> [What the exercise asks]:
Set down the lines below, exactly, starting at the one that contains "Day 21 of the" and stopping at the last line, inclusive. Omit pictures.
*** Begin section ***
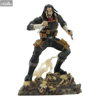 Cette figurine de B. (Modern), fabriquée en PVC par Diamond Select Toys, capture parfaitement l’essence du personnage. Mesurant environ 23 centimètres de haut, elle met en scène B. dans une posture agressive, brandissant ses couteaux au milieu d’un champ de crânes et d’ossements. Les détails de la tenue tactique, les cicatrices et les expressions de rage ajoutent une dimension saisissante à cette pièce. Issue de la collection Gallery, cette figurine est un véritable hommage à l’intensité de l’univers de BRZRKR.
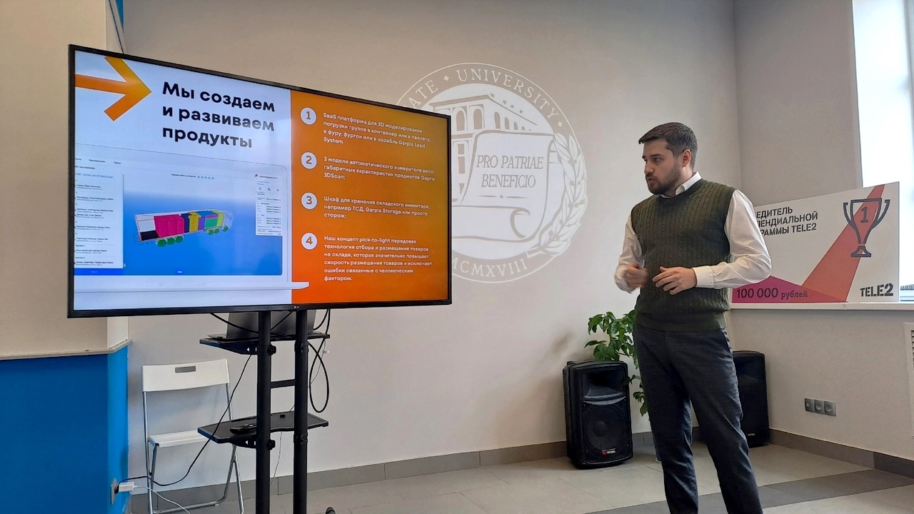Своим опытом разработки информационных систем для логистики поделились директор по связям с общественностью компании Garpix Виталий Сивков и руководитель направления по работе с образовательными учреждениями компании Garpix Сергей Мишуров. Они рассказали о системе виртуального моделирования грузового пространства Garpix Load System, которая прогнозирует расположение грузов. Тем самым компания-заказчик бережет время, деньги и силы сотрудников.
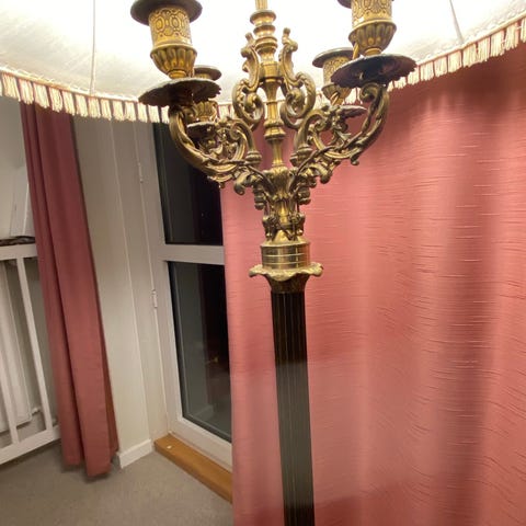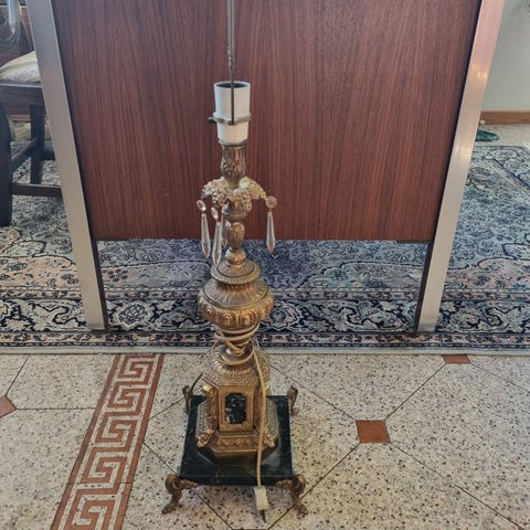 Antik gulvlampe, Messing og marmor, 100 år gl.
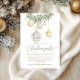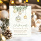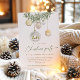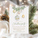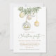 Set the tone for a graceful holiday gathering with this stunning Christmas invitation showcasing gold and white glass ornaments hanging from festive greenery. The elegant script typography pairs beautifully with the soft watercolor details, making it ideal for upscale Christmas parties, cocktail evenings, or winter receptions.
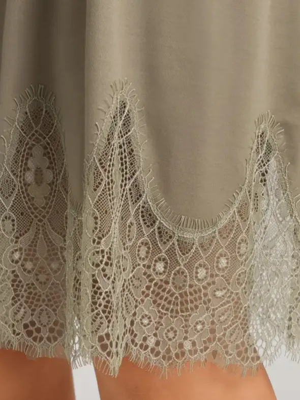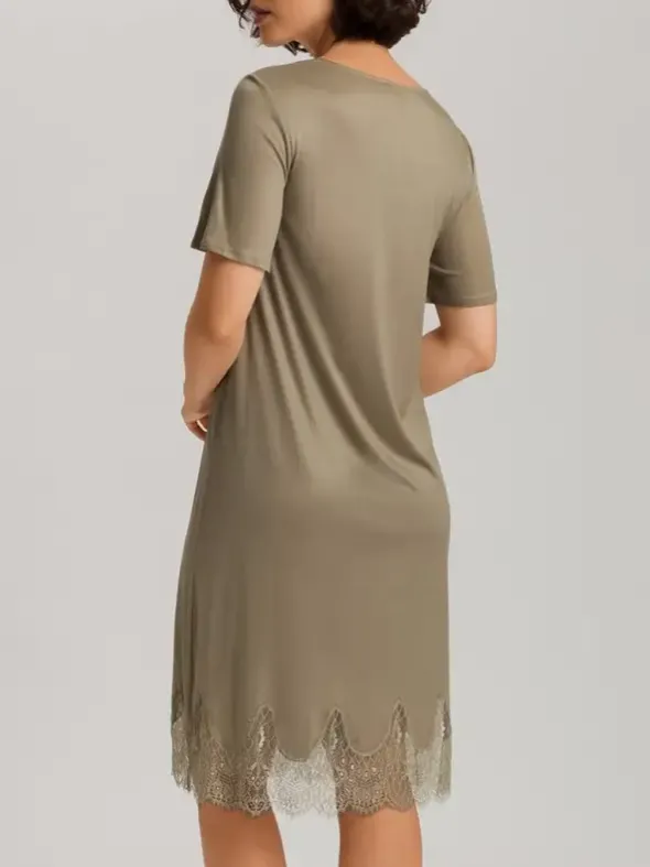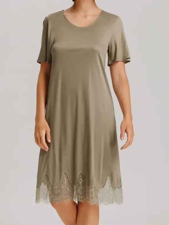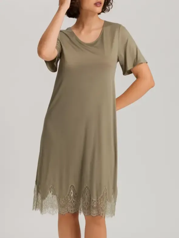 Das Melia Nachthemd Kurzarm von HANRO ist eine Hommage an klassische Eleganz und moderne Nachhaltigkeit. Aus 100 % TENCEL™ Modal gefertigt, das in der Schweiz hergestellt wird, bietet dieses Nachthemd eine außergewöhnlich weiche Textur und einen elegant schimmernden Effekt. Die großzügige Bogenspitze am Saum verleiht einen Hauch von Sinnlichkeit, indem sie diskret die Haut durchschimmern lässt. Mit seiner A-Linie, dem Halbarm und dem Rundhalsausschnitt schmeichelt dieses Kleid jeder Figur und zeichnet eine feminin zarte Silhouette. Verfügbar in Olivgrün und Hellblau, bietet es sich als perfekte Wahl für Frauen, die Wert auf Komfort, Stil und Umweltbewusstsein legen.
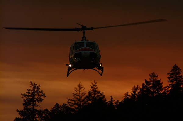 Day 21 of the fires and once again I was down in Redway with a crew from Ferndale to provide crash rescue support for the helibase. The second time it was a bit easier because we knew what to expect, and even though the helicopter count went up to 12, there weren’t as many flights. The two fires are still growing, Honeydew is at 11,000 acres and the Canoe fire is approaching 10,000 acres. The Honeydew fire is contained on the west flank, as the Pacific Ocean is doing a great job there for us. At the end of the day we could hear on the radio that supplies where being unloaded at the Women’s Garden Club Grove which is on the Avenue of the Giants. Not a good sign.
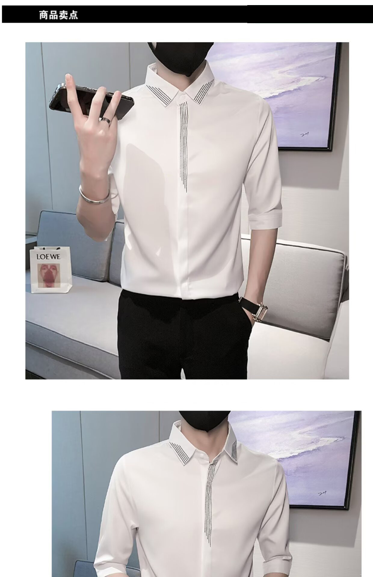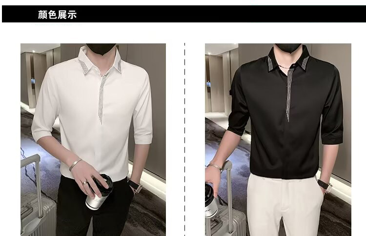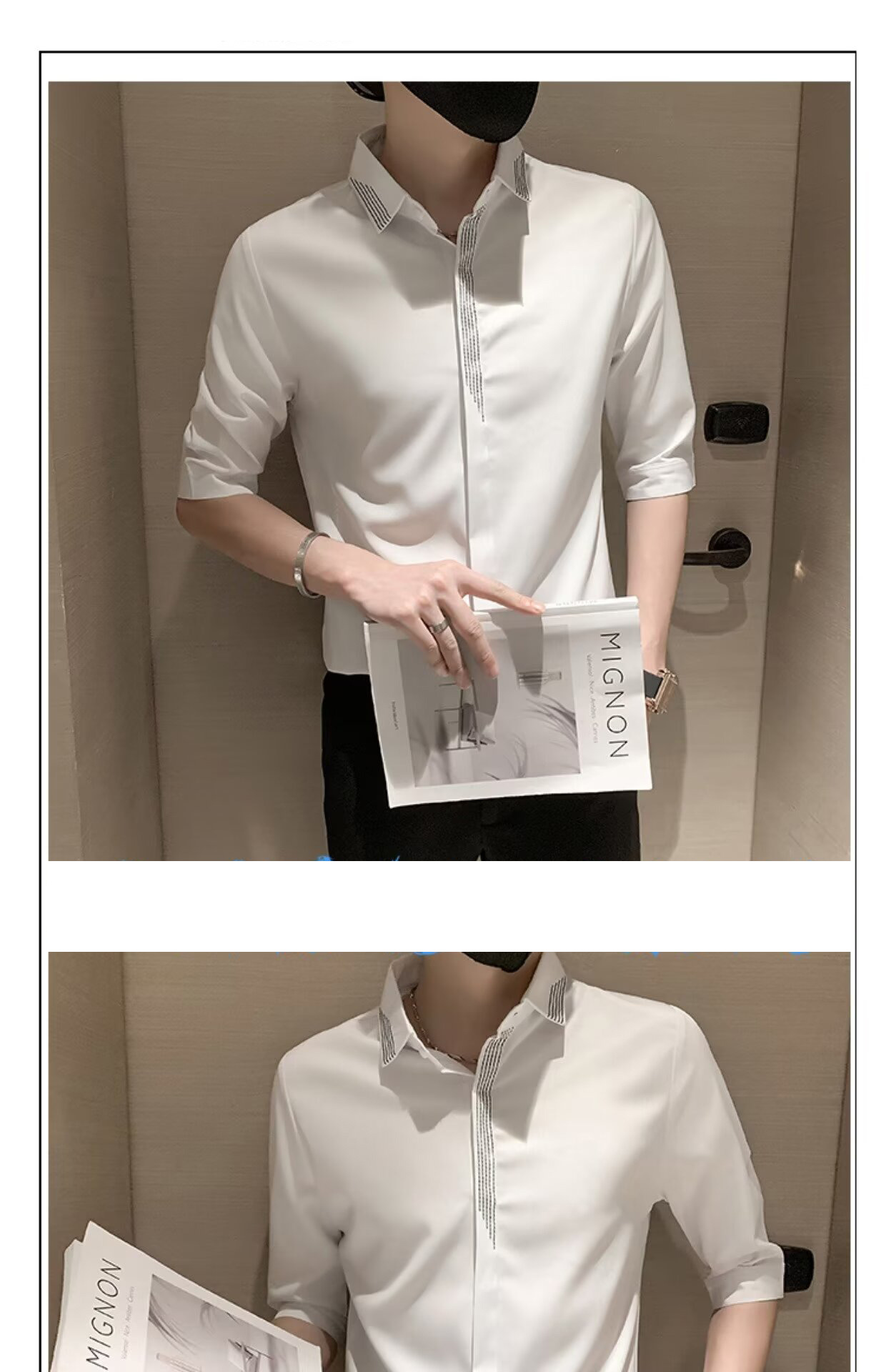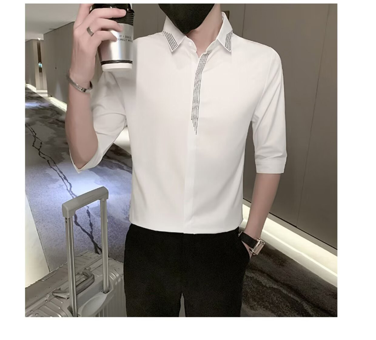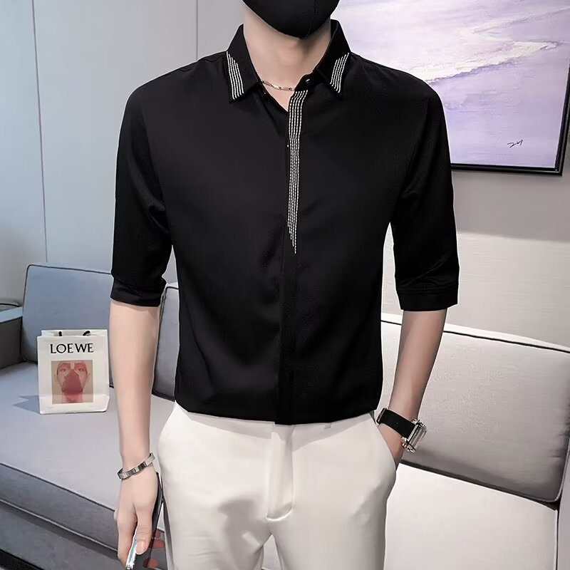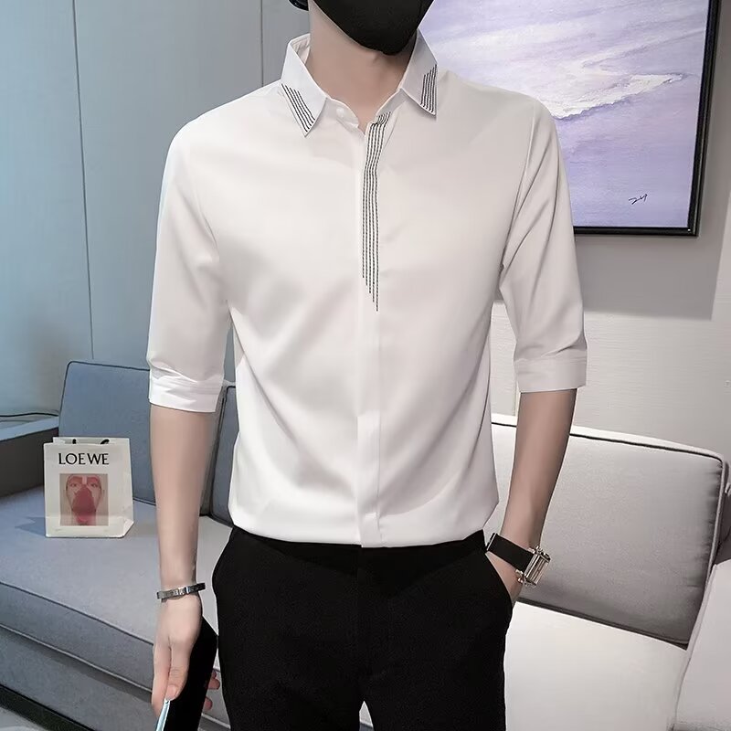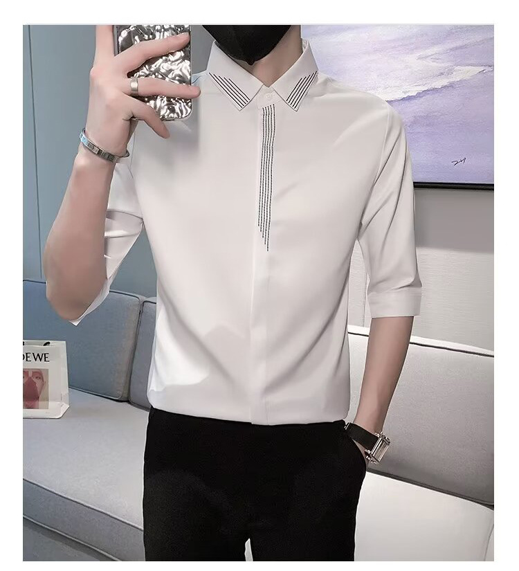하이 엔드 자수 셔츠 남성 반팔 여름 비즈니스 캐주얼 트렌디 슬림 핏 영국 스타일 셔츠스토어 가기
*** End section ***
> [Problem solution]:
 Day 21 of the fires and once again I was down in Redway with a crew from Ferndale to provide crash rescue support for the helibase. The second time it was a bit easier because we knew what to expect, and even though the helicopter count went up to 12, there weren’t as many flights. The two fires are still growing, Honeydew is at 11,000 acres and the Canoe fire is approaching 10,000 acres. The Honeydew fire is contained on the west flank, as the Pacific Ocean is doing a great job there for us. At the end of the day we could hear on the radio that supplies where being unloaded at the Women’s Garden Club Grove which is on the Avenue of the Giants. Not a good sign.
하이 엔드 자수 셔츠 남성 반팔 여름 비즈니스 캐주얼 트렌디 슬림 핏 영국 스타일 셔츠스토어 가기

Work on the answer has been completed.